Morning Report – Comforting thoughts about the recent rate rise 6/25/13

Vital Statistics:

 

Last

Change

Percent

S&P Futures 

1576.3

10.1

0.64%

Eurostoxx Index

2546.0

34.2

1.36%

Oil (WTI)

95.53

0.3

0.37%

LIBOR

0.276

-0.001

-0.23%

US Dollar Index (DXY)

82.29

-0.137

-0.17%

10 Year Govt Bond Yield

2.51%

-0.02%

 

Current Coupon Ginnie Mae TBA

100.2

-0.5

 

Current Coupon Fannie Mae TBA

100.7

0.4

 

RPX Composite Real Estate Index

205.3

0.3

 

BankRate 30 Year Fixed Rate Mortgage

4.51

   

Green on the screen after the 10 year bond recouped all of its early losses and ended up positive on the day. The Chinese central bank agreed to keep money-market rates at a “reasonable” level. Durable Goods orders came in at 3.6%, above the 3% estimate. Ex transportation, they were up .7%, above the consensus estimate. April numbers were revised up. Bonds and MBS are up.

Homebuilder Lennar reported 2Q earnings per share of $.61, ahead of the $.33 estimate. The numbers included a tax benefit, but even without the one-time item, earnings still beat estimates by ten cents. Deliveries were up 39%, new orders were up 27% and backlog was up 55%. Stuart Miller, the CEO addressed the recent increase in rates directly: “Against the backdrop of recent investor concerns over recent mortgage rate increases, we believe our second quarter results together with real-time feedback from our field associates continue to point towards a solid housing recovery….Demand in all of our markets continues to outpace supply…affordability remains high and despite recent interest rate increases, we have seen very little impact on sales or pricing.” The stock is up 4.5% pre-open.

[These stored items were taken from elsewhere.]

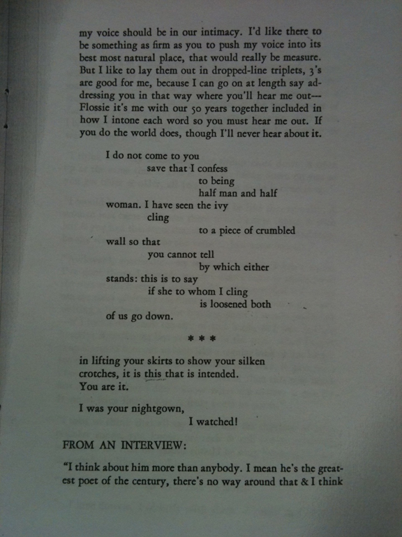 "This morning when I took a walk I thought about a talk I'll give next fall (I've been invited to your school) about Poetics.[...] I want to hand out Alice Notley's brilliant essay Dr Williams' Heiresses where she talks about how female poets like herself who externalize and twist internal daily life have hardly any female ancestors. The critic Kathleen Fraser thought that for not inventing some, Alice was a bad feminist. Alice Notley proved the possibility of writing poems no matter what; Kathleen Fraser is an academic." - Chris Kraus, I Love Dick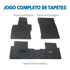 Kit jogo de 3 tapetes emborrachados super reforçados na cor preta. Possui design estriado em alto relevo, próprio para fixação de sujeira. Suas bordas são mais grossas para evitar o fácil rasgamento da peça que é muito comum em tapetes de baixa qualidade. Produzido por empresa nacional com mais de 26 anos de experiência em projeto, fabricação e comercialização de de tapetes não possuem odor, são antialérgicos, super resistentes e não deformam após a lavagem. Com uma técnica exclusiva no molde e corte, os tapetes são feitos sob medida para o veículo, garantindo assim maior proteção do assoalho e sem esquecer da estética.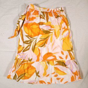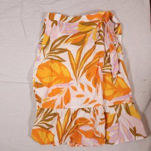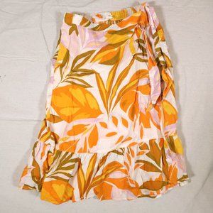 C&C California Faux Wrap Skirt Womens Large Floral 100% Linen Pocket Breathable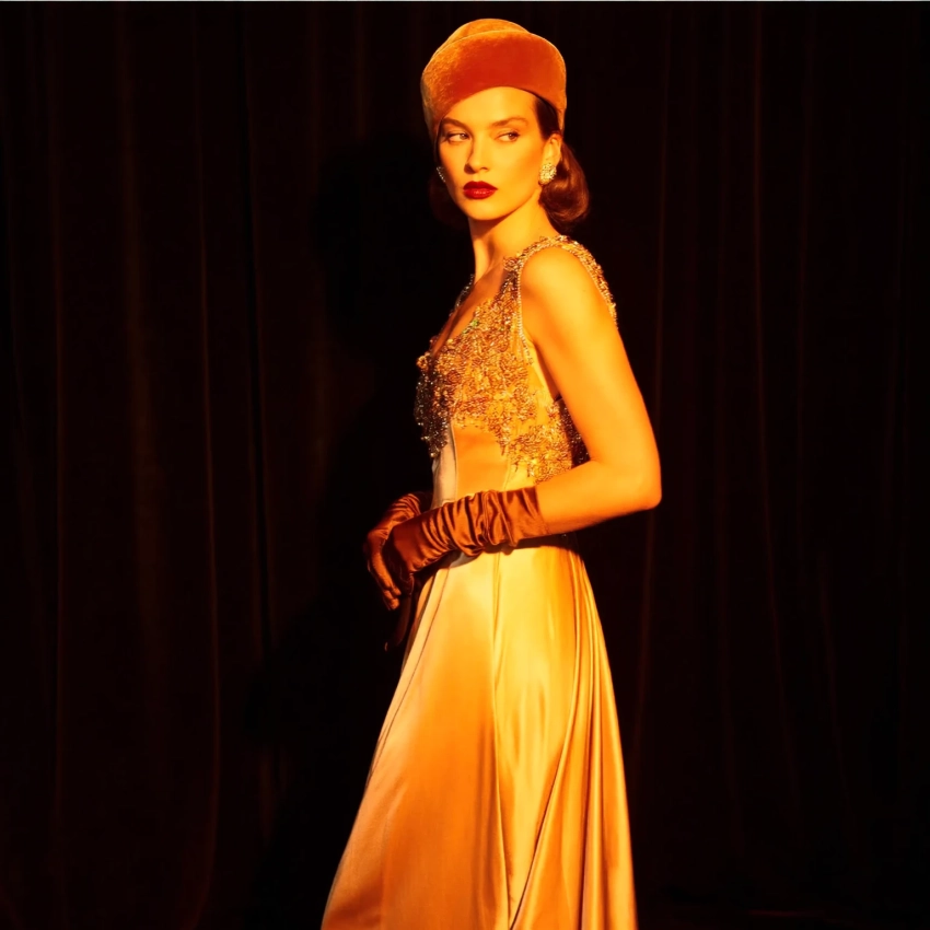 Платье-комбинация, меховая накидка, ретро-укладка и алые губы — костюм для тех, кто хочет блистать. Атмосфера нуарных фильмов превращает вас в звезду старого Голливуда.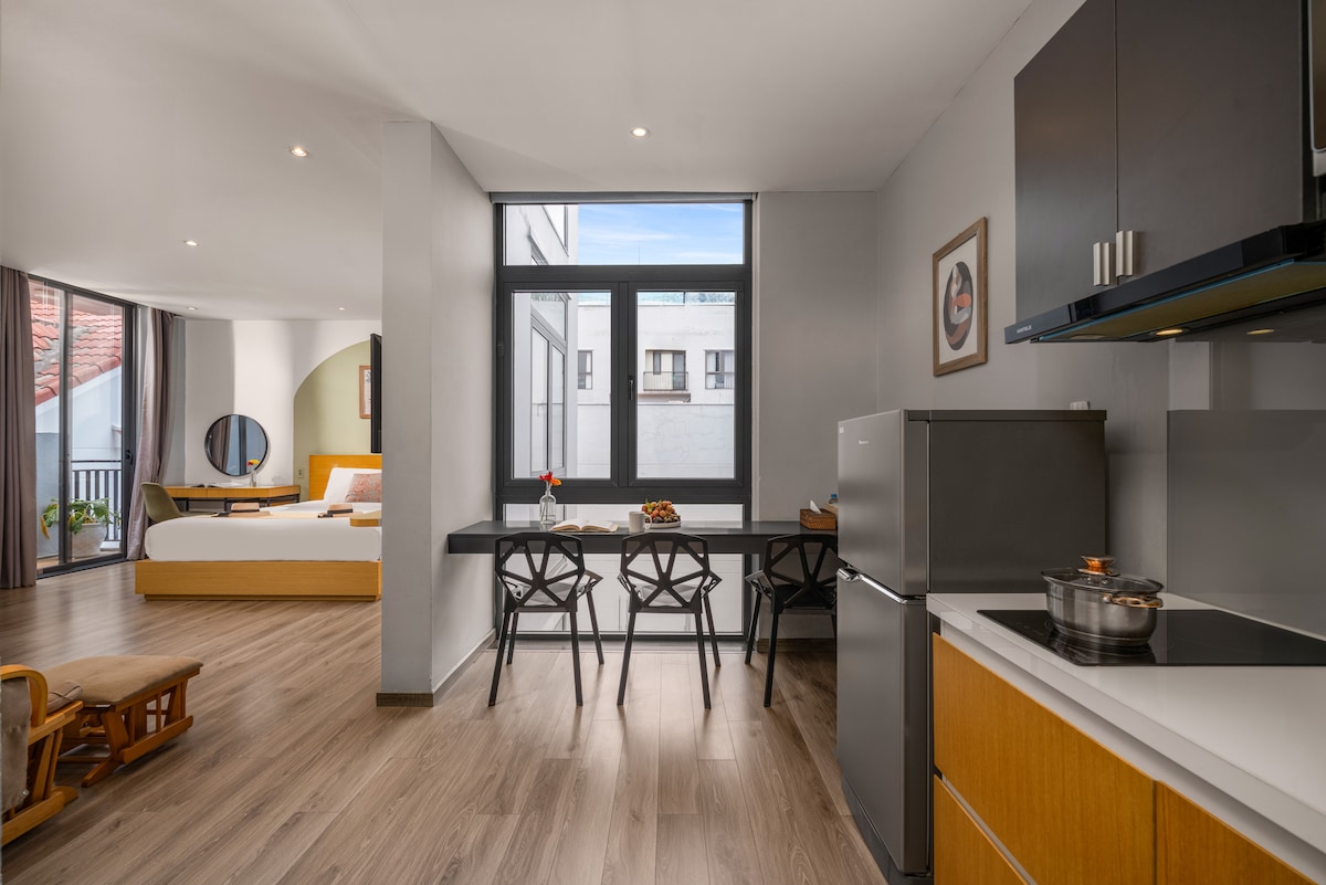 Enjoy a stylish balcony studio in one of the most iconic buildings in the city, famous for its rooftop infinity pool with breathtaking views. ✔ Comfortable king-size bed ✔ Private bathroom & hot shower ✔ High-speed WiFi ✔ Smart TV & air conditioning ✔ Fully equipped kitchenette 📍 Perfect location: * 5 mins to Han River * 10 mins to My Khe Beach * 15 mins to Da Nang International Airport Relax, swim, and enjoy the golden sunset from the rooftop pool — one of the best in Da Nang.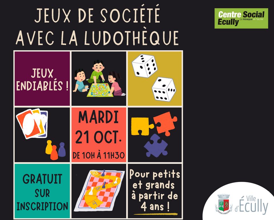 Venez participer à la matinée jeux de société proposée par la ludothèque : mardi 21 octobre de 10h à 11h30 à la Médiathèque.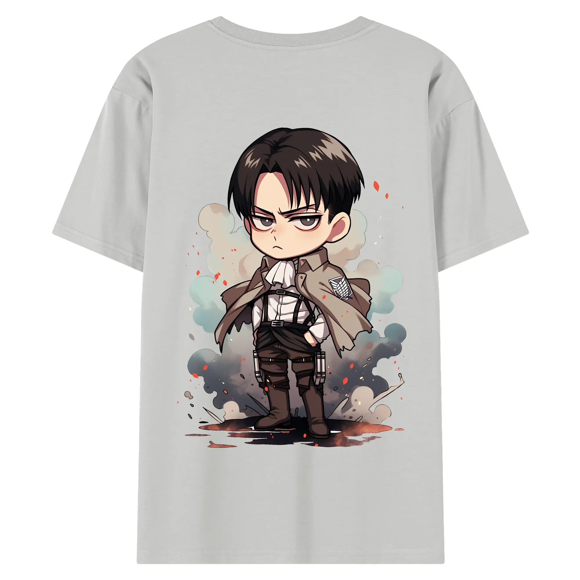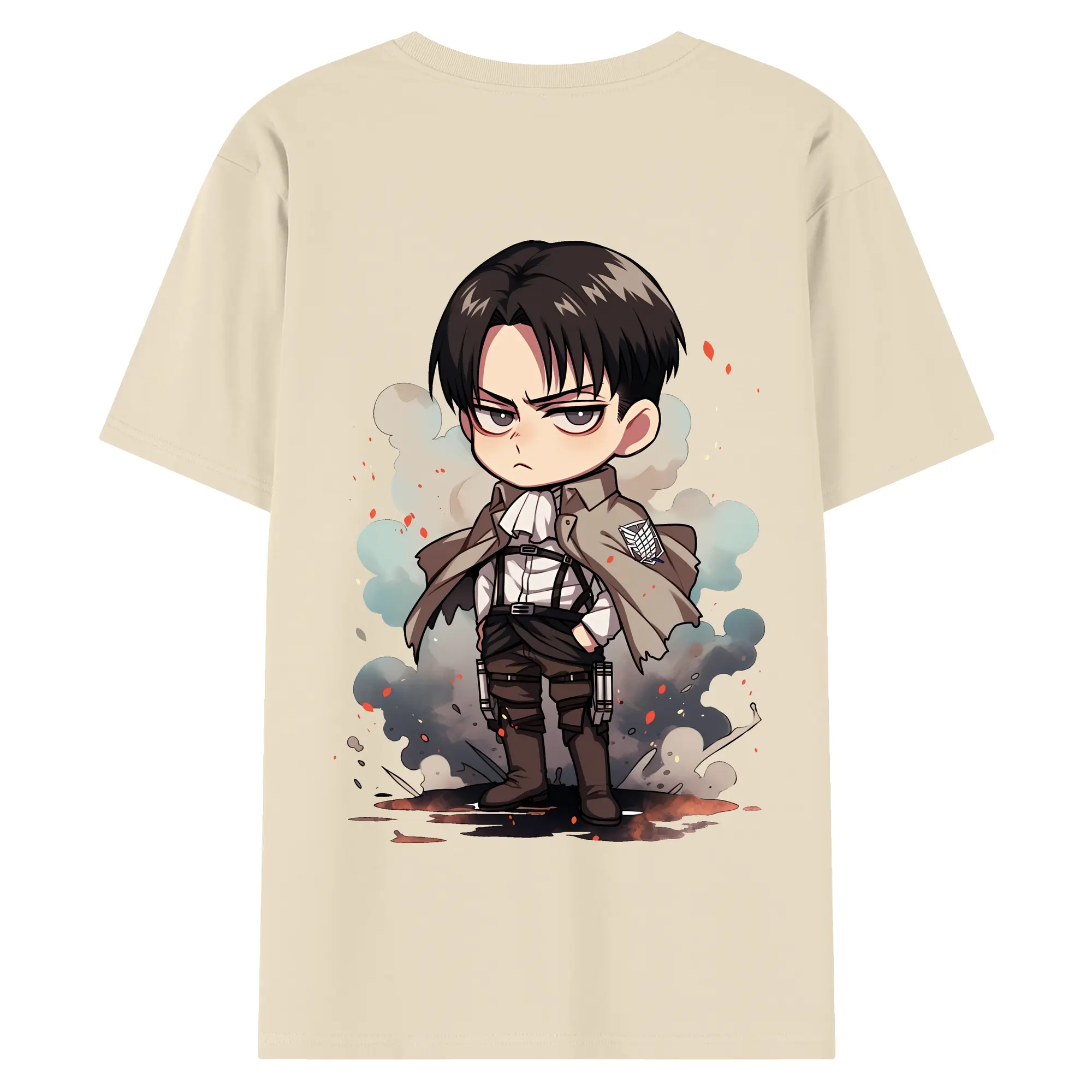 進撃の巨人 グッズ リヴァイ・アッカーマン - 綿100% ヴィンテージ風 半袖Tシャツ ・ 背面プリント ・ 柔らか肌触り ・ 通気性 快適 ・ スポーツ カジュアル 外出用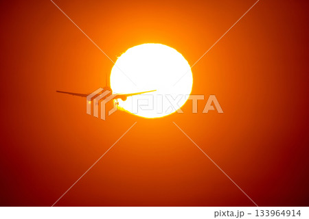 美しい夕陽が燃え上がる様な背景に飛行機風景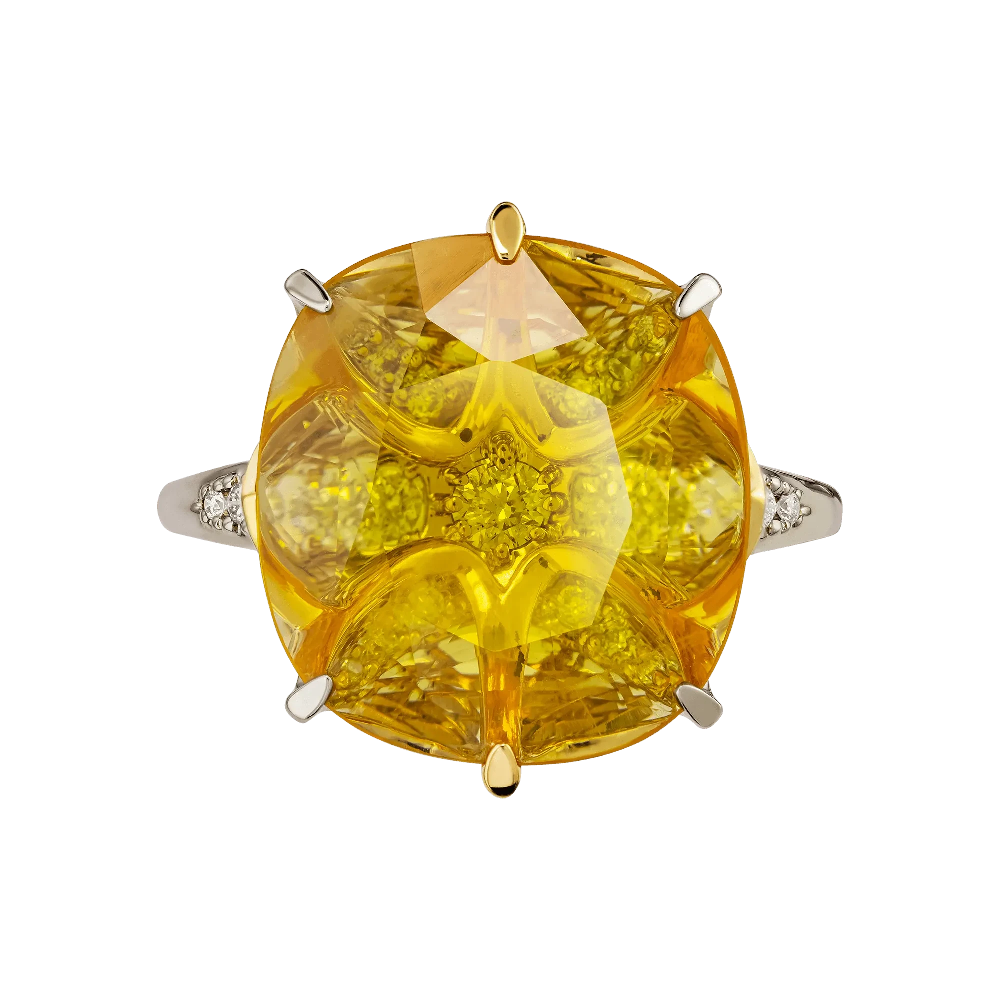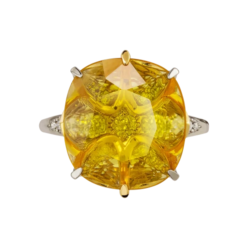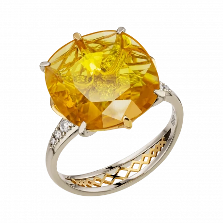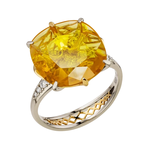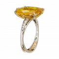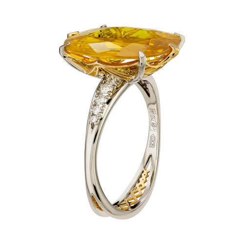 Жёлтый сапфир весом 6,22 карат, добытый на Шри-Ланке, завораживает своим живым светом: в его глубине – переливы золота, меда, дневного солнца. Благодаря огранке он дышит изнутри, будто вбирая в себя небесное сияние. Драгоценный камень органично вписан в желтое золото, где каждая линия оправы подчёркивает чистоту формы, а изысканный ажур на шине добавляет лёгкости и символичности композиции.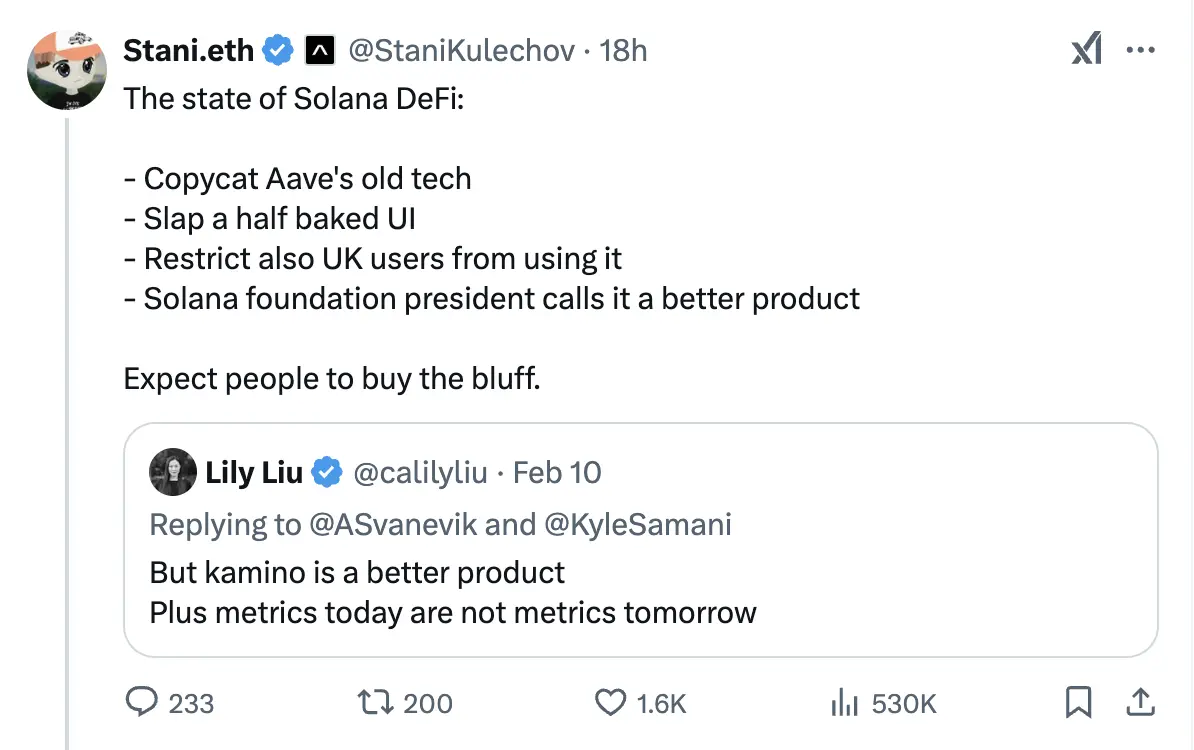Aave 创始人 Stani 直接开火,说 Solana DeFi 的现状是抄袭 Aave 的旧技术,粘贴一个半成品的 UI,还限制英国用户使用。尽管 Stani 说的是 Solana DeFi,但明眼人知道他针对的是同为借贷协议的 Kamino。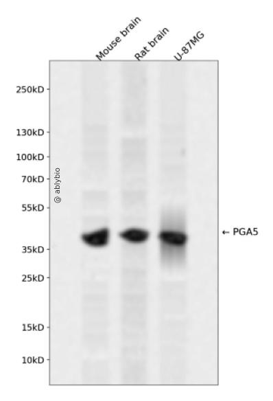 Western blot analysis of PGA5 expressed in Mouse brain,Rat brain,U-87MG using PGA5 Rabbit pAb at 1:1000. Secondary antibody: HRP Goat Anti-Rabbit IgG (H+L) at 1:5000. Lysates/proteins: 30ug per lane. Blocking buffer: 5% non-fat dry milk in TBST. Detection: ECL Enhanced Kit. Exposure time: 120s.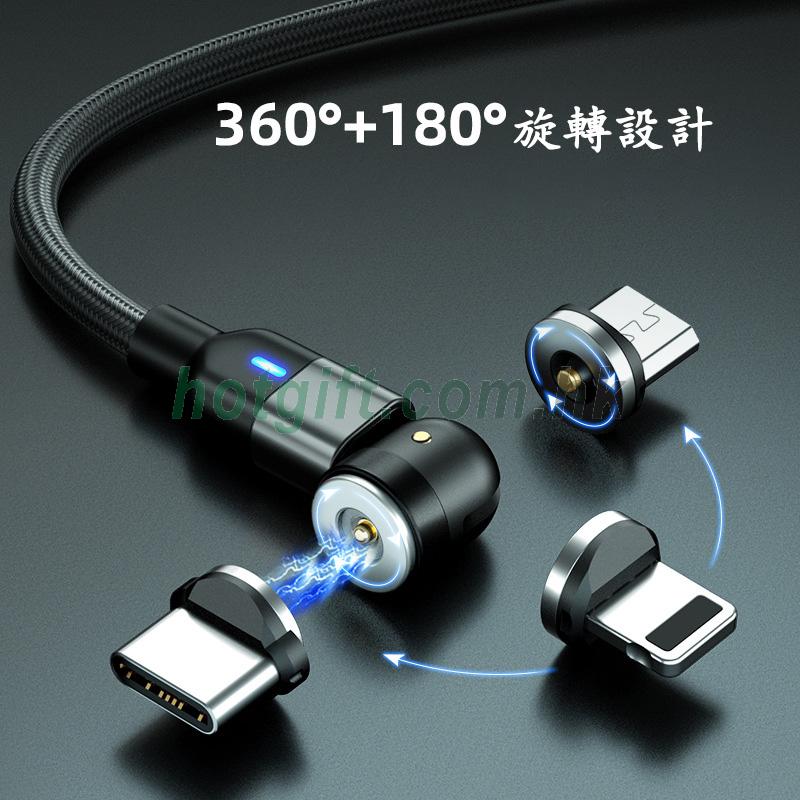 跨境Type-C磁吸數據線540度轉換頭旋轉磁吸數據線強磁安卓數據線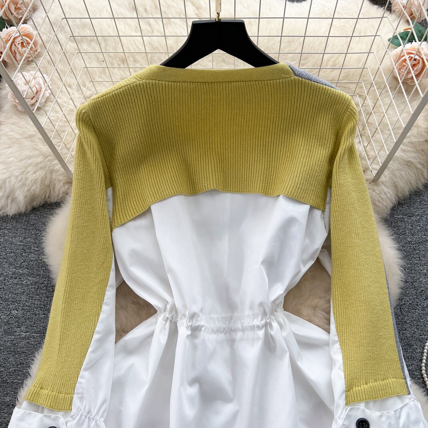 Nomikuma 秋因果フェイク 2 枚ヒットカラーニットパッチワークブラウス長袖シャツ ロング オータム 秋物

Senators Corker and Warner plan to introduce their bill today to euthanize Fan and Fred. They will be replaced by the Federal Mortgage Insurance Corporation which will act as a re-insurer and not a primary insurer. How this will actually play out is anyone’s guess – right now there are no mortgage insurance entities big enough to replace F&F. Perhaps the answer will be to over-collateralize MBS backed by QM mortgages by 10% and then apply the FMIC insurance. Obviously Dodd-Frank will have to weigh in on that one, and they are still figuring that part out. 

Lender Processing Services reported that April home prices were up 1.5% from March and 8.1% year-over-year. We are starting to see the Midwestern states start to show up in the top 10. California and Nevada are still #1 and #2 as usual. The LPS HPI is a little different than the other indices like Case-Shiller in that it applies a normalization process to REO and short sales in order to come up with a non-distressed index.

Case-Shiller reported home prices increased 1.72% month-over-month and 12.05% year-over year. This was the highest gain in the history of the Case-Shiller indices. David Blitzer of Case-Shiller addressed the recent increase in rates: “Last week’s comments from the Fed and the resulting sharp increase in Treasury yields sparked fears that rising mortgage rates will damage the housing rebound. Home buyers have survived rising mortgage rates in the past, often by shifting from fixed rate to adjustable rate loans. In the housing boom, bust, and recovery, banks’ credit quality standards were more important than the level of mortgage rates. The most recent Fed Senior Loan Officer Opinion Survey shows that some banks are easing credit restrictions. Given this, the recovery should continue.”

The FHFA Home price Index reported an increase of .7% month-over-month and 7.4% year-over year. Remember, each of these indices (LPS, Case-Shiller, and FHFA) have different methodologies and samples. FHFA looks only at properties with a conforming mortgage, which eliminates jumbos, distressed, cash-only, etc. This index is more of a “central tendency” index than Case-Shiller or LPS.